8.29.2013
Ah, To Be Young Again
I miss writing so much!
I miss everything!
I miss being young (I am 23 and very old now) and creative and artistic and having so much energy for everything and wanting to stay up doing cutesy artsy things!
I teach middle school. And even though I'm 23, I feel some days like I'm 53.
I AM SO TIRED.
Lately, I've been calling the building in which I teach a "living hell." And it's not because of the kids, or the teachers, or the curriculum, or anything like that. It's because of the heat. It's fucking hot on the second floor. Just like I imagine hell is.
It is exhausting.
Last year was my first year teaching, and it kicked my ass incredibly. It was the most stressful, most difficult year that I have ever had. That being said, I'm a little insane and decided to go for year two. Here I am.
My point is this: I don't write like I used to.
In many ways, that's good. I imagine it's healthy and normal for me to grow out of my 18-year-old mentality.
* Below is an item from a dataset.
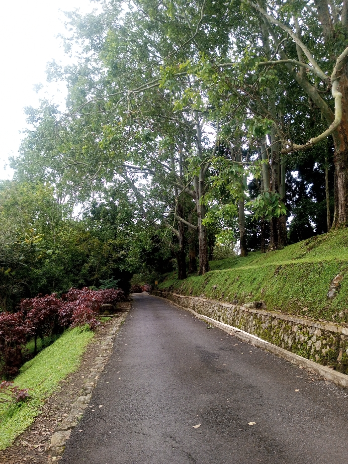 This image displays a paved asphalt road in Padegaon, India, extending linearly into the background before curving slightly to the left. The road surface is dark grey. On the left side of the road, a narrow dirt and gravel shoulder transitions to a patch of green grass, followed by a dense cluster of reddish-purple shrubs. Beyond these shrubs, a wall of dark green foliage and trees rises. On the right side of the road, a concrete curb runs parallel to the asphalt. Adjacent to the curb is a low retaining wall constructed from irregular, moss-covered grey stones. Above this wall, a steep, grass-covered embankment ascends. Numerous tall, deciduous trees with light grey bark and green foliage line the top of the embankment and extend upwards, forming a dense canopy against a bright, overcast sky visible through gaps in the leaves. No individuals, animals, or vehicles are present in the scene.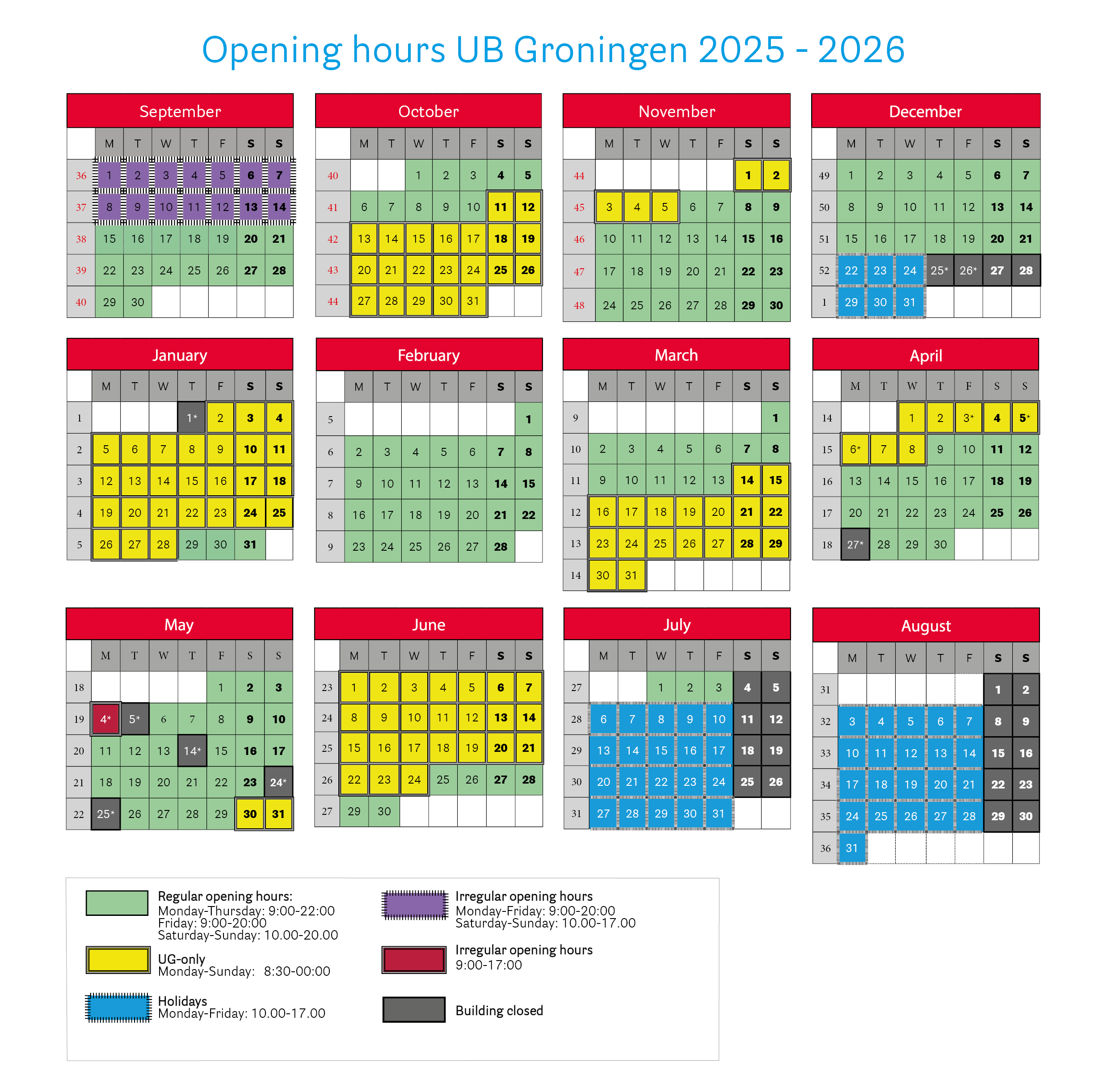 * Openingstijden kunnen afwijken tijdens vakanties en feestdagen, zie jaaroverzicht (klik om te vergroten)

There were a lot of really stupid parts about me as an 18-year-old. There were quite a lot of lessons that I hadn't learned, truths that I hadn't yet discovered.
But there were some that I had. Just a few. And I wrote them down, and they were beautiful.
How shocking. Five years later, I can still say that I wrote beautiful things.
What I miss is writing beautiful things.
I still write, here and there. It's a habit that I don't think I'll ever be able to break at this point.
But I still miss this. Writing for an intended audience. Telling stories. It's different from the journal writing that I usually do. It's nice to censor and edit myself every once in a while. It's nice to have an audience, even if it IS imaginary.
I will try to record some stories, here and there. I'll try to pick this blog up again.
I don't want recognition; there's a reason I'm writing from this old high school e-mail address and not my current one.
I don't need to be noticed, not at all.
I just want to be doing something that I love. And keep doing and doing and doing it.